What we've seen happen in places like Germany, where they have legalization and forced STI checks, is that the checks are done on Thursdays. The pro then has to display her Grade A Disease Free Meat certificate on the wall of her room. (While the brothels officially state they insist on condom use, the girls tell a very different tale). The client then walks in, checks that she's disease free and says, "Great, you don't have anything! I'm not wearing a condom".
The reason we can get clients to use condoms is because they're concerned about getting something
from us, not because they're worried about giving us an STI. When that "bargaining
chip" is taken out of the equation, we're left with no way to protect ourselves. Also, if a pro does contract a STI, from coersive unsafe sex, her licence is revoked and a new girl is brought in.
Finally, we at SPOC have all agreed to refuse outright to participate in any kind of government legalization schemes.
While we do take an active role in our sexual health, we will not allow any agents of government to be poking and prodding around our vaginas.

Forget that we'll work illegally, like we do now.

Dr. Tufte said...

Who'd have thought that a bunch of (mostly) Mormon business students would get a comment from an "exotic dancer".

Anyway, her comment and website draw an important distinction between legalization and decriminalization.

This is awesome stuff for an economics student to read because it highlights the difference between centralizaiton and decentralization, and the usefulness of asymmetric information.

Wendy's linked website makes clear that she (and others) favor decriminilization over legalization. They view the latter as a heavily centralized response that does not allow a sex professional to pursue their job in the most desirable way. Decriminalization - as a decentralized response - allows sex professionals to exploit asymmetric information in ways that make their lives better.

She offers the specific case of condom use.

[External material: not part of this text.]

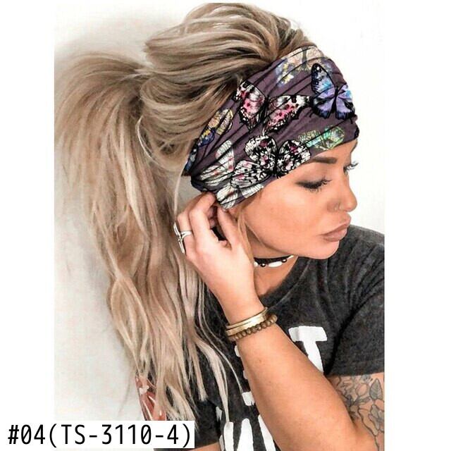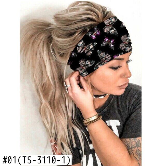 蝶プリントヘアバンドターバン幾何つば広ターバン女の子弾性カチューシャヘアアクセサリー エラスティック 伸縮 Wor97504609337

Apparently, there is great pressure not to use condoms after health inspections. Sex professionals could use the uncertainty created by a lack of health inspections to encourage condom use.

For doubters, this is similar to the cleanliness grade sheet that restaurants in California must post prominently. Patrons take this as a sign of cleanliness, but it is reasonable to view it as just the opposite: think about it, when is a restaurant dirtiest, right after an inspection or right before?